Quality runs in data/eval/runs/ and performance profiles in data/profiles/*.yaml are joined by release tag. Both artifact types carry the release tag in their metadata:

  • Frozen profiles: top-level release field (e.g. v2.6.0).
  • Eval runs: the run directory name or fingerprint.json release field.

The tool matches them automatically when both exist for the same tag. When only one side exists, the tool shows what it has and marks the other as "missing".

Profile Discovery

A new function discover_profiles() in tools/run_compare/data.py scans data/profiles/*.yaml, parses each YAML, and returns a list of ProfileEntry dataclass objects:

@dataclass(frozen=True)
class ProfileEntry:
    release: str
    date: str
    dataset_id: str
    hostname: str
    path: Path
    stages: Dict[str, Dict[str, float]]
    totals: Dict[str, float]
    environment: Dict[str, Any]

Profiles are sorted by date (oldest first) for trend charts.

Joined Data Model

A JoinedRelease dataclass pairs an optional RunEntry (quality) with an optional ProfileEntry (performance) by release tag:

@dataclass(frozen=True)
class JoinedRelease:
    release: str
    eval_entry: Optional[RunEntry]
    profile_entry: Optional[ProfileEntry]

The join is a full outer join: releases with only quality data appear (profile column blank), and releases with only a profile appear (quality column blank).

Add Performance to the existing nav bar:

Home · KPIs · Delta · Episodes · Performance

The ?page=performance slug routes to the new page. Existing pages are unchanged.

Performance Page Layout

The page has four sections, rendered top to bottom:

1. KPI Tiles (Top Row)

For each selected release that has a profile, display a row of metric tiles:

Tile Source
Peak RSS (MB) totals.peak_rss_mb
Total wall time (s) totals.wall_time_s
Avg wall time / episode (s) totals.avg_wall_time_per_episode_s
Episodes processed episodes_processed
Hostname environment.hostname

When two or more releases are selected, show delta arrows (green/red) between baseline and candidates, reusing the same delta_direction_good pattern from the quality delta table (lower is better for RSS and wall time).

2. Stage Delta Table

Same colored-delta pattern as RFC-047's quality delta table, applied to per-stage resource metrics:

Column Description
Stage Pipeline stage name (e.g. summarization)
Metric wall_time_s, peak_rss_mb, or avg_cpu_pct
Baseline Value from the baseline release
Candidate Value from the candidate release
Delta Absolute difference
Delta % Percentage change
Good? Green check / red X (lower is better for all three)

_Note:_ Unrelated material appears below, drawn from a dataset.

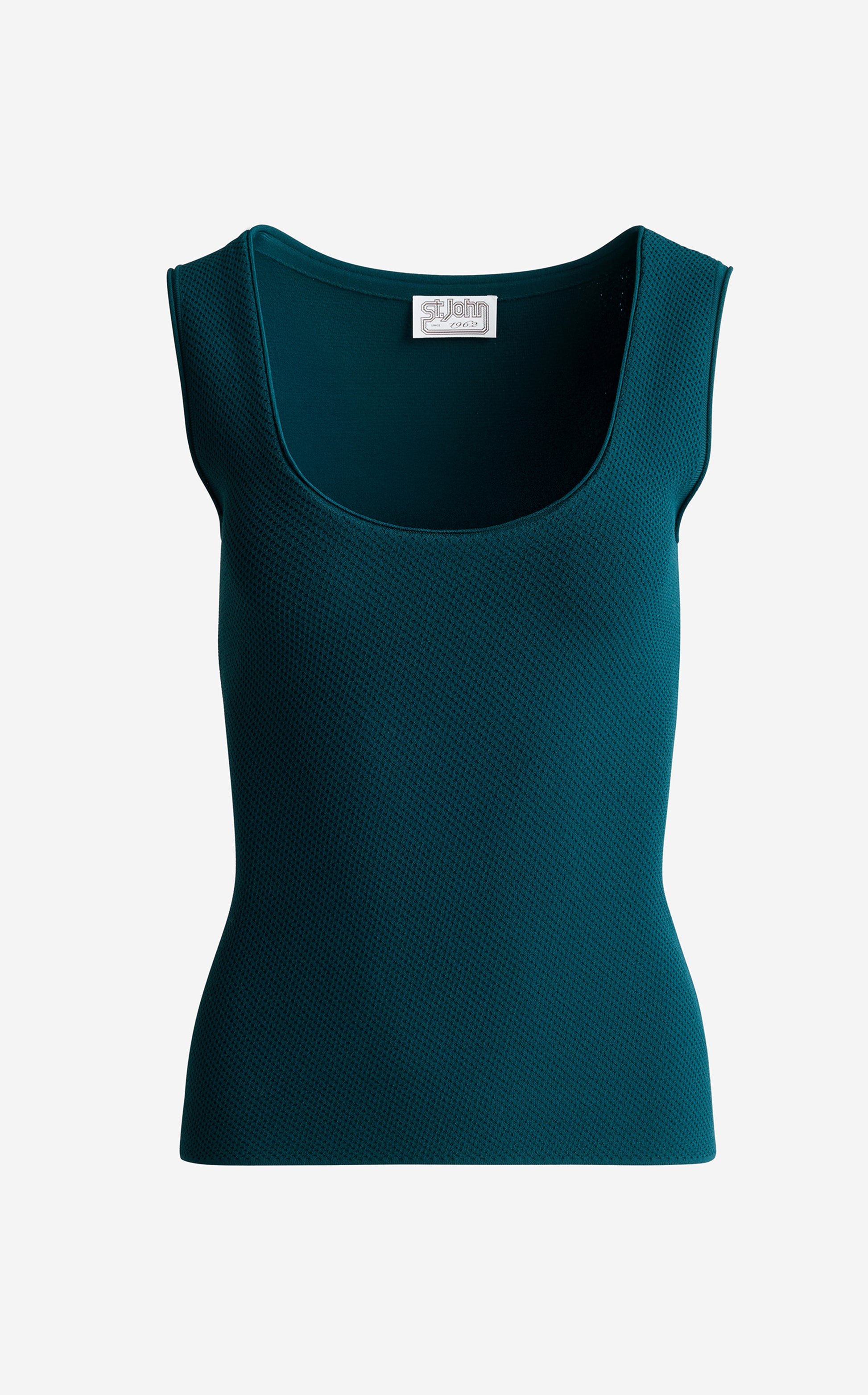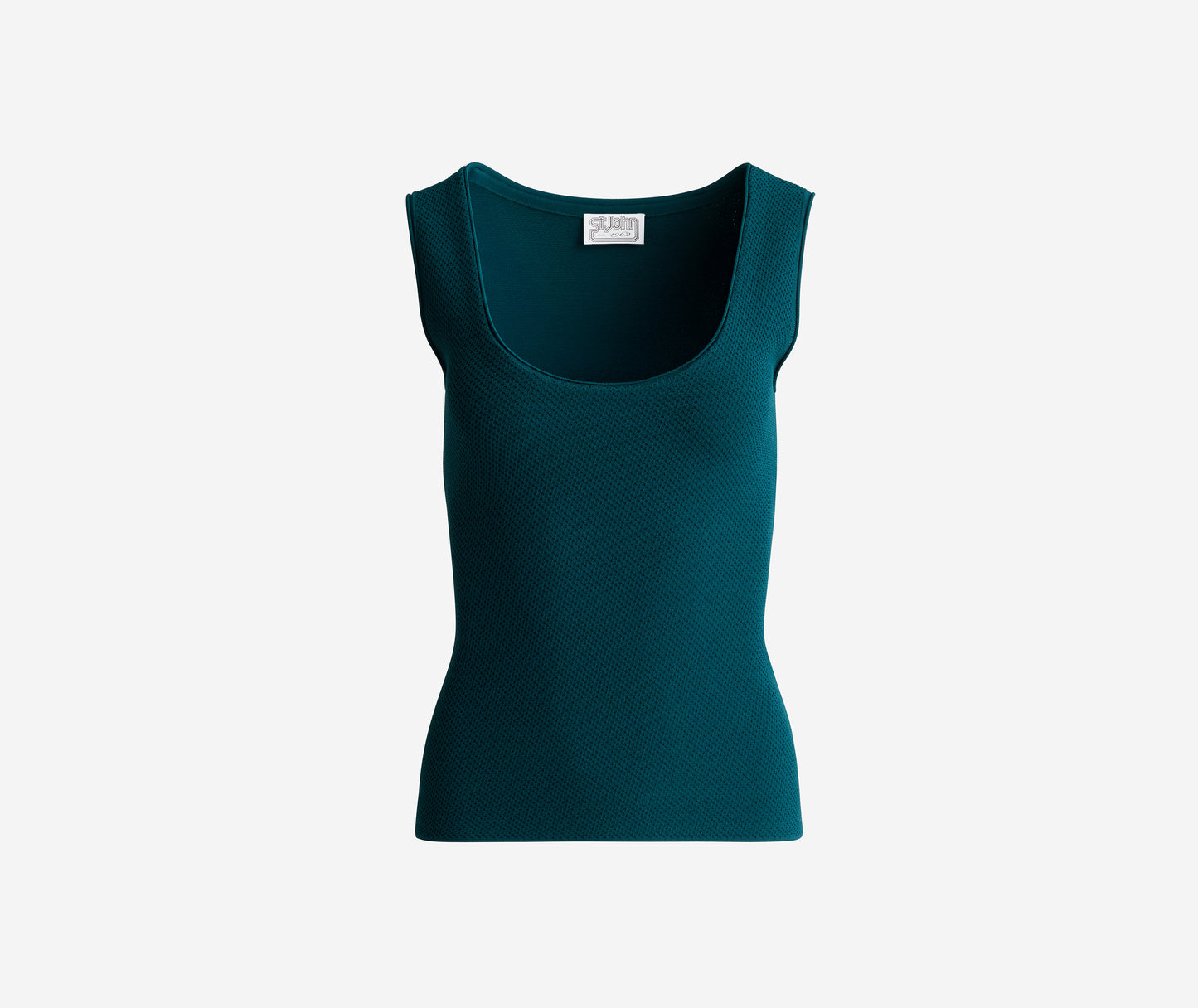 Cut from our iconic Venezia Knit in tourmaline, the Amy offers a clean, structured silhouette with just the right amount of stretch. It contours with ease, holding its shape while moving effortlessly with you. Minimal yet memorable, it’s the kind of piece that quietly elevates every look—on its own or under a jacket

The baseline is selected from the sidebar dropdown (same pattern as quality baseline). When more than two releases are selected, each non-baseline release gets its own candidate column.

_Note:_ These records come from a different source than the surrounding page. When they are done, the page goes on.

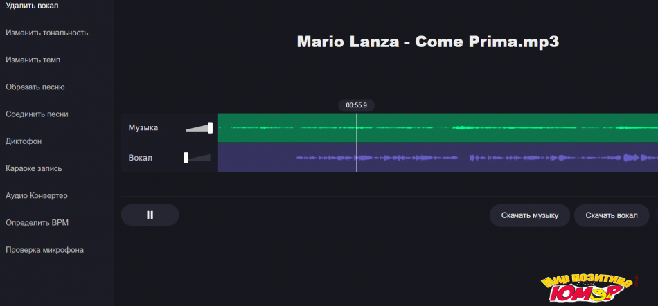 Сайт пригодится, если вам вдруг захотелось сделать из любимой песни минусовку или извлечь вокал, или надо узнать точную скорость оригинальной композиции.
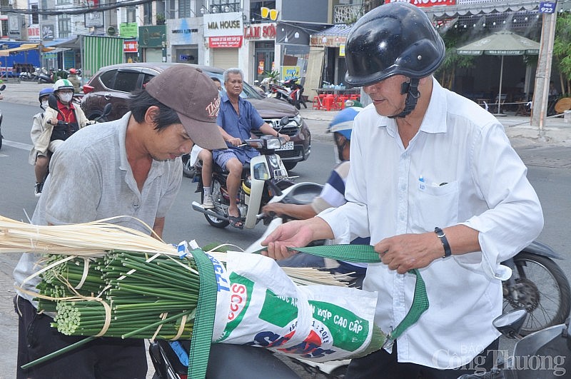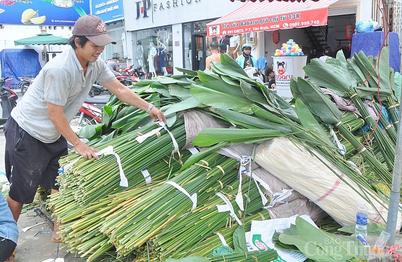 | Cùng với bán lá dong, khuôn gói bánh chứng có giá bán dao động từ 20-40.000 đồng tùy kích thước cũng được bày bán trên đường Cách Mạng Tháng Tám, quận Tân Bình |
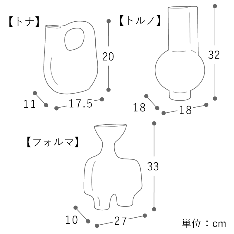 トルノ:約 幅 18cm × 奥行き 18cm × 高さ 32cm
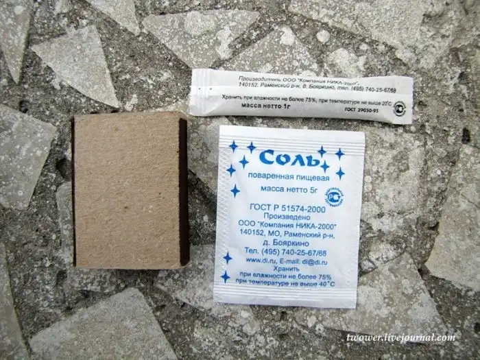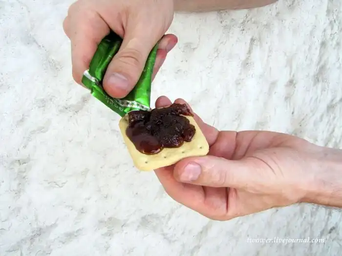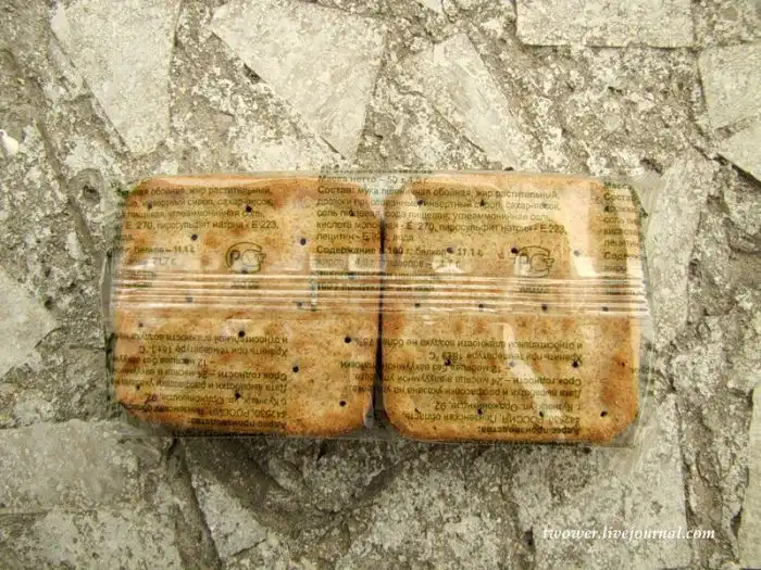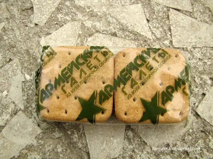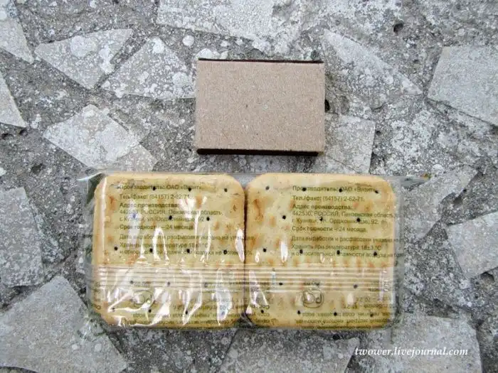 На томиче зимой в москву ездил с нами до оренбурга новобранцы ехали им точно такойже паёк выдовали, только там у кого каша была, у кого такой, а некоторым вообще не повезло "диетический" борщ попался) у мя даже эти салфетки разжигатель, галеты и сыр такой остался) ( ну потом новобранцы ходили по вогону раздовали кто чё не съел)) ну чесно скажу галеты полное гавно хлеб вкуснее, уж поверьте!

3. Trend Chart (Multi-Release Line Chart)

Line chart with releases on the x-axis (ordered by date) and one line per stage. Two sub-charts stacked vertically:

  • Wall time per stage — y-axis in seconds.
  • Peak RSS per stage — y-axis in MB.

Stages that are absent in some releases show gaps (no interpolation). A hostname filter in the sidebar restricts the chart to profiles from the same machine (with a warning banner when mixed-machine profiles are displayed together).

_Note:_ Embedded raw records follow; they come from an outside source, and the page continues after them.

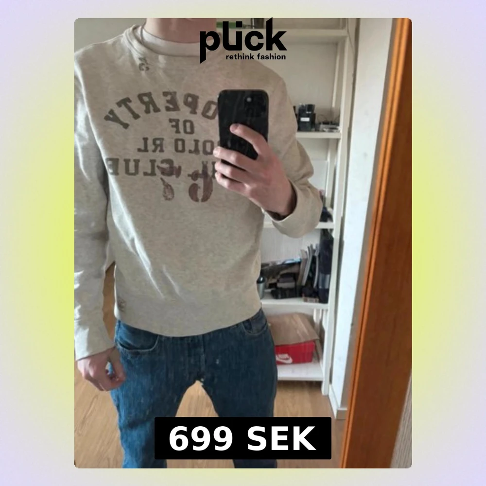 Säljer en beige sweatshirt från Polo RL Club med tryck i brunt framtill. Tröjan har rund halsringning, ribbade muddar och en liten patch nertill. Tillverkad i mjukt bomullsmaterial och har en avslappnad passform. Perfekt för en chill och stilren look.
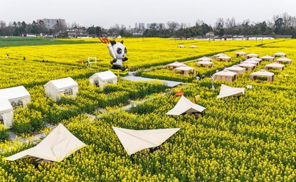 3月8日,在成都崇州市道明鎮(zhèn),游客在油菜花田中觀光用餐。新華社記者 王曦 攝
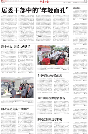 这批年轻的居委会干部乐观、积极、耐心,以他们的活力与阳光,为居民区干部队伍注入新鲜血液,增添了新的活力;也为社区注入了更多活力,带来了新变化。 ■刘英芬
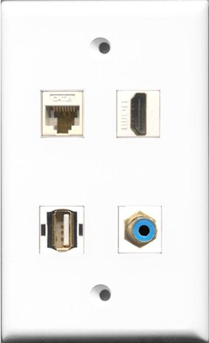 RiteAV 1 Port HDMI and 1 Port RCA Blue and 1 Port USB A-A and 1 Port Cat6 Ethernet White Wall Plate
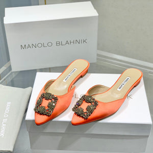 Manolo Buckle Flast Mules Orange Silk 327520
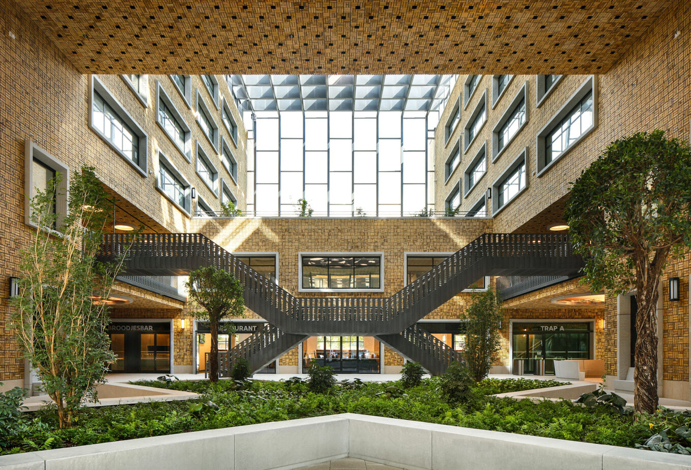 Отличной иллюстрацией современного архитектурного подхода к проектированию внутренних садов в офисных зданиях можно считать Herman Teirlinck Building. Административное здание в центре Брюсселя — совместный проект голландского бюро Neutelings Riedijk Architects и бельгийской студии CONIX RDBM Architects, реализованный в 2017 г. Офисные пространства для сотрудников фламандского правительства сформированы вокруг двух огромных оранжерей. Архитекторам удалось создать комфортные условия для людей и растений, достигнув температурного и светового баланса, что является сложной комплексной задачей. Herman Teirlinck Building отвечает всем критериям устойчивости sustainability и считается самым крупным административным зданием Бельгии, соответствующим параметрам «пассивный дом». Мы запланировали посещение этого объекта, поскольку рассчитываем, что Украина поддержит глобальные тренды.

Chart style follows docs/guides/TUFTE_CHART_CRITIQUE.md: white background, minimal chrome, small multiples where appropriate, no bubble-area distortion.

4. Quality vs Cost Scatter

A two-axis scatter plot where each dot is one release:

  • X-axis: user-selectable quality metric from a dropdown:
  • ROUGE-L F1 (default, from metrics.json vs_reference)
  • Success rate
  • Avg latency (s)
  • Y-axis: user-selectable resource metric from a dropdown:
  • Total wall time (s) (default)
  • Peak RSS (MB)
  • Avg wall time per episode (s)

Only releases that have both a quality eval run and a frozen profile are plotted. Dots are labeled with the release tag. Hover shows full details.

This chart answers the key question: "Did the quality improvement come at a resource cost?"

Cross-Machine Handling

Profiles carry environment.hostname. When the selected set includes profiles from more than one hostname:

  1. A warning banner appears at the top of the Performance page: "Selected profiles come from different machines — absolute RSS/CPU values are not directly comparable. Filter by hostname in the sidebar for meaningful comparisons."
  2. The sidebar gains a Hostname filter (multi-select, default: all).
  3. Trend charts and delta tables still render but with the warning visible.

Missing Stages in Trend Charts

Some pipeline stages may be disabled in certain releases (e.g. gi_generation skipped when GI is off). The trend chart handles this by:

  • Showing a gap in the line for that stage at that release.
  • Not interpolating across gaps.
  • A footnote: "Gaps indicate stages not present in that release's profile."

Minimum Profile Count

  • 1 profile: KPI tiles and stage breakdown render (no trend, no delta).
  • 2 profiles: Delta table and quality-vs-cost scatter become available.
  • 3+ profiles: Trend chart becomes meaningful (line chart with 2 points is technically renderable but not very useful; still shown).

Cross-Dataset Profiles

Profiles carry dataset_id. The sidebar gains a Dataset filter (multi-select, default: all). When comparing profiles from different datasets, a warning appears: "Profiles use different datasets — wall times are not directly comparable across different episode counts/sizes."


Data Layer Changes (tools/run_compare/data.py)

New functions:

Function Purpose
discover_profiles(profiles_root) Scan data/profiles/*.yaml, return List[ProfileEntry]
load_profile(path) Parse one YAML into ProfileEntry
join_releases(runs, profiles) Full outer join by release tag → List[JoinedRelease]
profile_delta_rows(base, candidates) Stage-level delta rows for the delta table
profile_trend_rows(profiles) Long-form rows for Plotly trend chart

No changes to existing quality data loading functions.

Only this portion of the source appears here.